- Required action
Excluding all pictures, please output the listing exactly.

- Recorded information
###
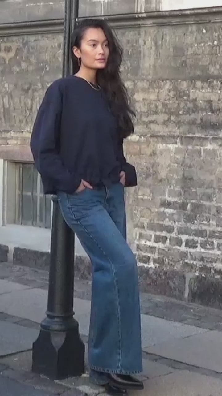 Confeccionados en un clásico tejido azul, estos vaqueros acampanados se caracterizan por una cintura regular con trabillas, cierre de cremallera, pequeños bolsillos laterales, bolsillos traseros y perneras largas y anchas.
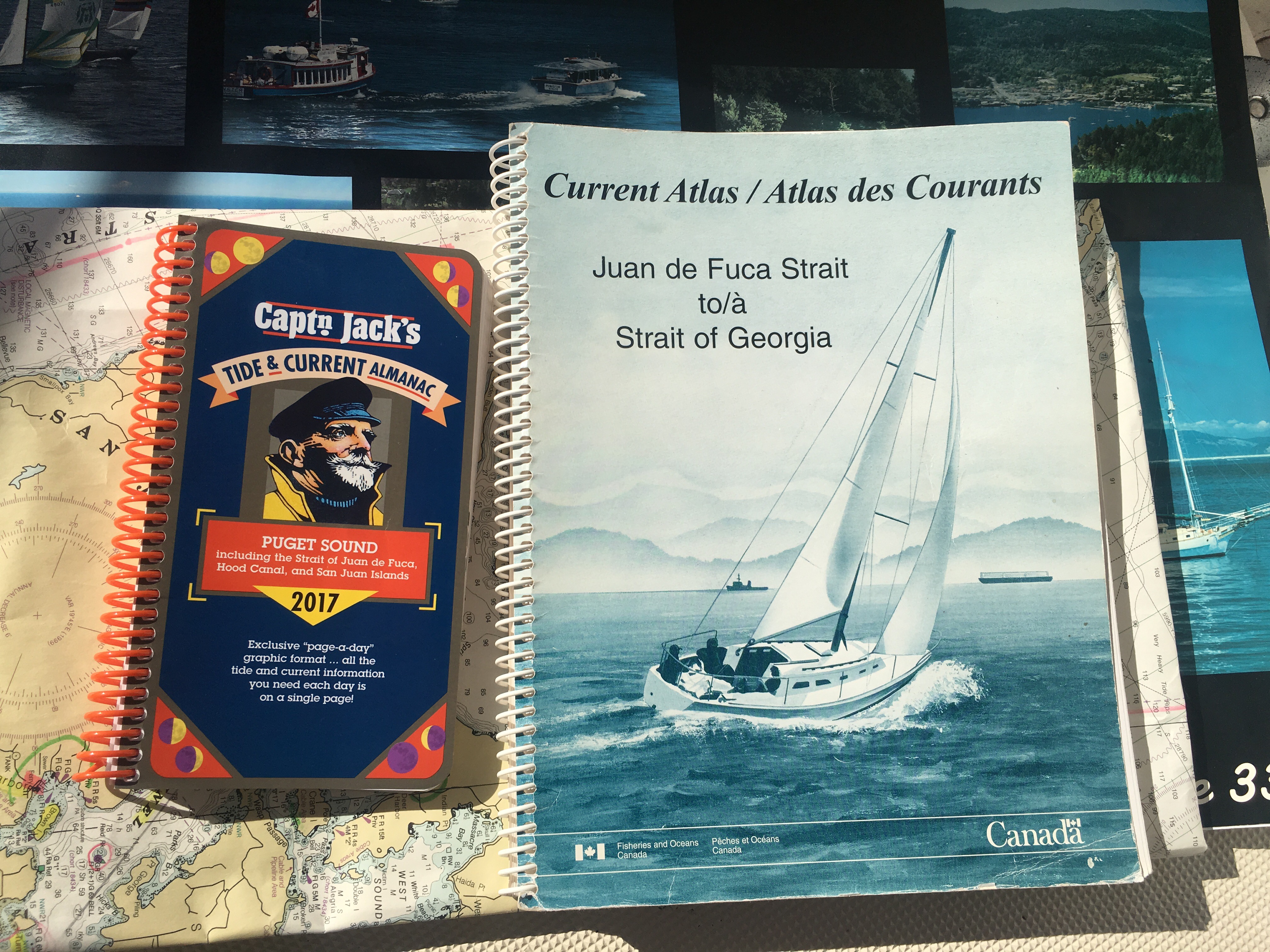 a word about navigation or nav. In addition to the awesome GPS Garmin chart plotter on board and radar we carry a lot of paper charts, tide and current books. Thanks to SV Ubiquity captain Brian Stipak and Leslie for the invaluable current Atlas for the Straits.
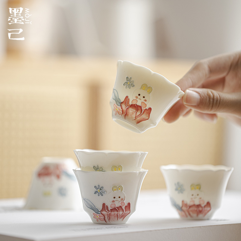 墨己玉泥白磁手描き萌え兎品茗杯カンフー茶器お茶を飲む一杯の小さいコップのかわいい風陶磁器のコップ
###
- Solution to this problem
 Confeccionados en un clásico tejido azul, estos vaqueros acampanados se caracterizan por una cintura regular con trabillas, cierre de cremallera, pequeños bolsillos laterales, bolsillos traseros y perneras largas y anchas.
 a word about navigation or nav. In addition to the awesome GPS Garmin chart plotter on board and radar we carry a lot of paper charts, tide and current books. Thanks to SV Ubiquity captain Brian Stipak and Leslie for the invaluable current Atlas for the Straits.
 墨己玉泥白磁手描き萌え兎品茗杯カンフー茶器お茶を飲む一杯の小さいコップのかわいい風陶磁器のコップ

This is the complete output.